Karena ketakutannya itu, Gatot pun mengakui hal itu yang menjadi alasan dirinya tidak langsung mengembalikan uang tersebut ke KPK.

"Pada waktu awal terus terang saya takut, saya kalut, dan saya tidak mengakui itu semua (penerimaan uang). Tetapi itu menjadi beban. Kemudian saya tahu Pak Enov dipanggil, saya sampaikan bisa tidak saya titip? Karena saya juga terimanya dari Pak Enov. Nah dia tidak bersedia," ucapnya.

"Jadi saya berharap ada panggilan berikutnya untuk saya bisa mengembalikan, sampai akhirnya (pemanggilan pemeriksaan) yang kedua kemarin (mengembalikan uang)," sambung Gatot.

Jaksa Takdir Suhan pun kemudian mencecar Gatot mengenai penggunaan uang dari hasil suap itu.

Gatot pun menerangkan bahwa uang tersebut memang dia gunakan secara pribadi salah satunya untuk merenovasi rumah.

"Kalau untuk pribadi ya ada saya pakai juga untuk keperluan pribadi. Perbaikan rumah sempat saya pakai untuk itu juga," ungkap Gatot.

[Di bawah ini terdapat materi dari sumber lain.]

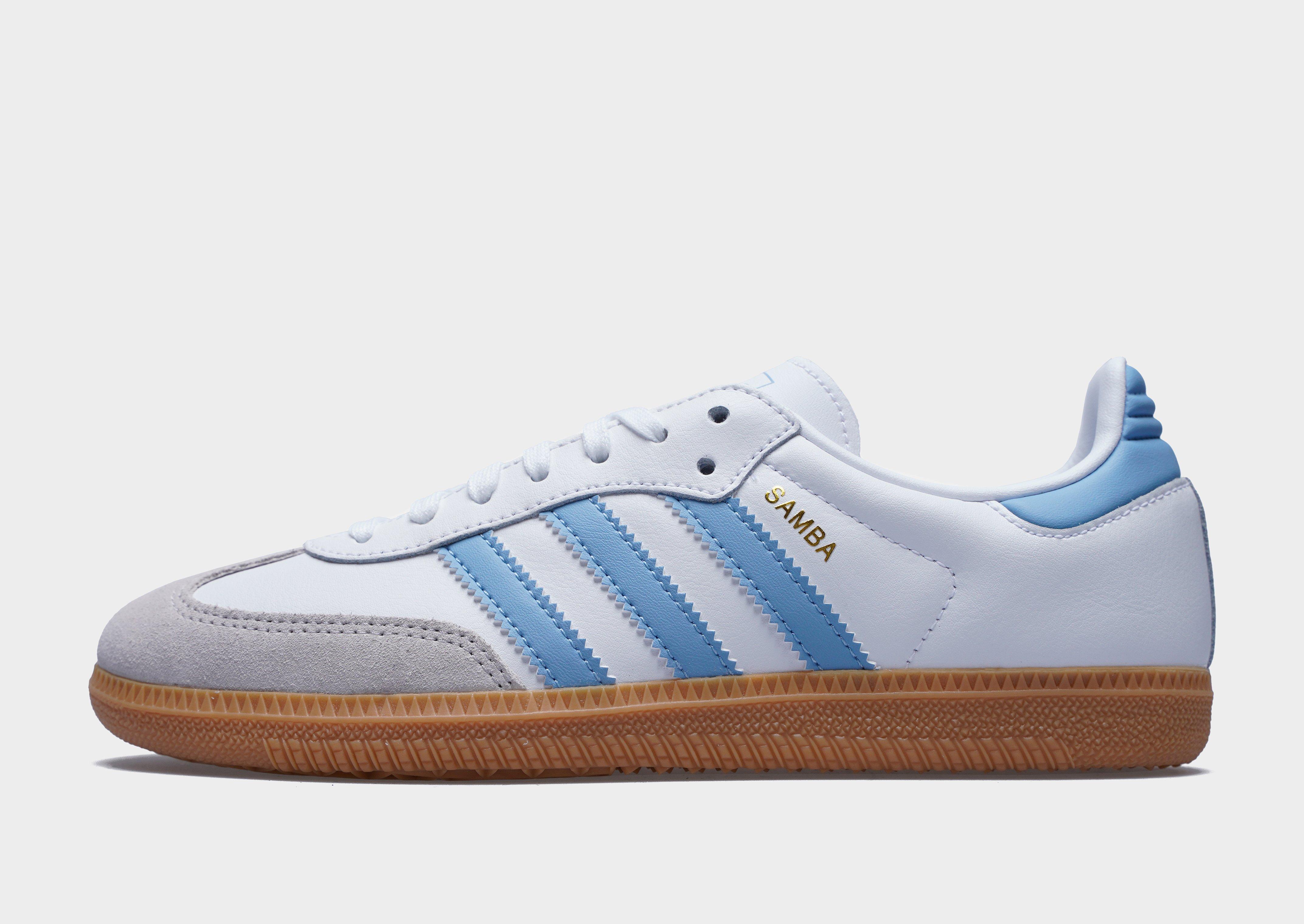 Add a streetwear icon to your footwear rotation with these junior's Samba OG shoes from adidas Originals. Taking cues from the original football-inspired Samba design first introduced in the 1950s, these iconic terrace sneakers let you imagine you're walking in those vintage footsteps. Built with a White leather upper, they feature a suede toe guard and are sat upon a responsive gum midsole. With tonal laces and signature adi 3-stripes to the side in Blue, they're signed off with 'Samba' wording to the side, and iconic Trefoil branding to the tongue. Style Code: JQ2832

Dakwaan 3 Pejabat Bea Cukai

Jaksa Penuntut Umum Komisi Pemberantasan Korupsi (KPK) mendakwa tiga pejabat Direktorat Jenderal Bea Cukai menerima suap dari PT Blueray Cargo dalam bentuk valas dan fasilitas hiburan atau barang total sebesar Rp 63,5 miliar dan gratifikasi sejumlah Rp15,2 miliar.

Tiga terdakwa perkara terkait manipulasi importasi barang tersebut yakni:

Direktur Penindakan dan Penyidikan, Rizal Direktorat Penindakan dan Penyidikan, Sisprian Subiaksono
Orlando Hamonangan selaku Kepala Seksi Intelijen Kepabeanan I Direktorat Penindakan dan Penyidikan

Dari total jumlah uang suap tersebut, masing-masing terdakwa menerima jumlah berbeda-beda.

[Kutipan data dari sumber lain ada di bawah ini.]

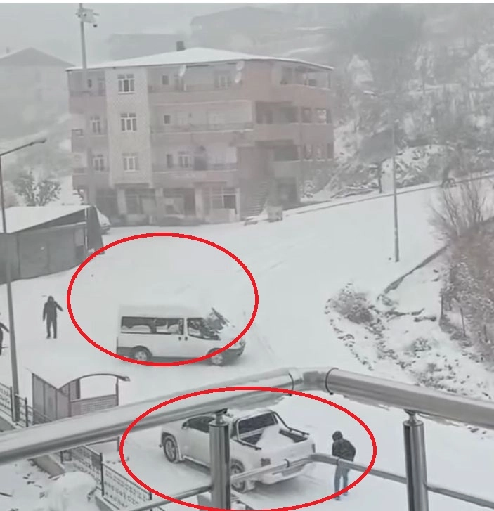 Diyarbakır’da kar yağışı etkisini sürdürürken, kayganlaşan yollar nedeniyle birçok kaza meydana geldi. Sürücülerin yaşadığı zor anlar, cep telefonuyla kaydedildi. Kulp ilçesinde ise yokuş aşağı kayan minibüsün üzerine doğru geldiğini gören kamyonet sürücüsü, son anda manevra yaparak kazayı önledi. (DHA)
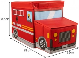 Spremenite pospravljanje v pustolovščino z škatlo za igrače v slogu Fire & Rescue. Zaradi mer 53 × 26 × 31,5 cm sprejme plišaste igrače, kocke, avtomobilčke in likovni material. Pokrov varno skrije otroške zaklade in pomaga ohranjati sobo v popolnem redu.
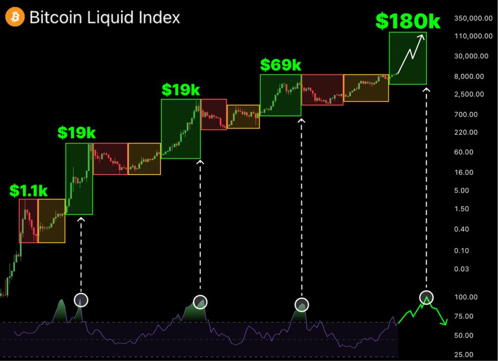该指标的历史回溯令人瞩目——每个周期顶点均精准对应均线交叉时刻。当前均线分离程度表明比特币可能继续攀升,部分市场参与者预测目标位或将触及18万美元。

Terdakwa Rizal menerima bagian uang sebesar Rp 14 miliar dalam bentuk mata uang Dolar Singapura atau SGD, atau setidak-tidaknya sejumlah itu. 

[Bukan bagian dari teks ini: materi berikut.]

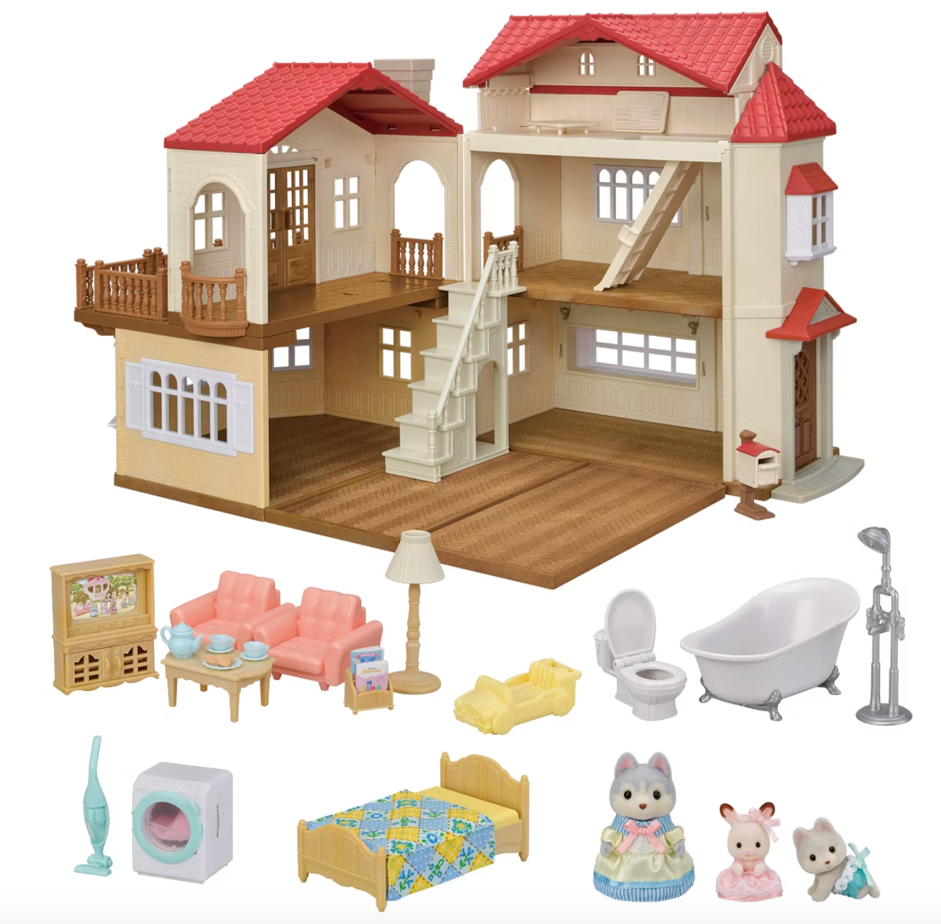 Red Roof Country Home Gift Set includes decorative furniture and accessories and 3 Calico Critter figures. The home can be opened for play at 90-degrees, 180-degrees, and any angle in-between. Home also closes for more play options and easy storage. Home lights up 3 lamps included. A second floor room and the roof piece are removable. Stack the rooms to create 3 levels. Set includes Husky Mother Avril, Husky Baby Linnea and Chocolate Rabbit Baby Creme. Red Roof Country Home connects to Red Roof Cozy Cottage (sold separately) to create a Grand Mansion. ...

Terdakwa Sisprian Subiaksono bagian sebesar Rp7 miliar dalam bentuk mata uang Dolar Singapura.

Serta Terdakwa Orlando Hamonangan bagian sebesar Rp4,05 miliar dalam bentuk mata uang Dolar Singapura atau SGD, berikut fasilitas hiburan dan barang mewah senilai Rp1,5 miliar.

Tak hanya suap, di persidangan jaksa juga mendakwa para terdakwa menerima gratifikasi.

Jaksa menyebut para terdakwa menerima gratifikasi dari sejumlah pengusaha importir dan pengusaha rokok totalnya mencapai Rp 15,2 miliar dalam bentuk valas berupa SGD, USD, HKD dan Ringgit.

Total keseluruhan suap dan gratifikasi yang diterima Rizal, Sisprian, dan Orlando ialah uang sejumlah Rp 78,8 miliar.

Suap dan gratifikasi tersebut diberikan oleh John Field selaku pimpinan Blueray Cargo (Grup), Dedy Kurniawan Sukolo selaku Manager Operasional Custom Clearance Pelabuhan pada Blueray Cargo (Grup), dan Andri selaku Ketua Tim Dokumen Importasi pada Blueray Cargo (Group).

Jaksa menyebut pemberian hadiah atau janji itu diduga dilakukan dengan tujuan memengaruhi pejabat agar menyalahgunakan kewenangannya.

Hal itu bertujuan agar barang impor Blueray Cargo bisa cepat keluar dari pemeriksaan di Kepabeanan Bea Cukai.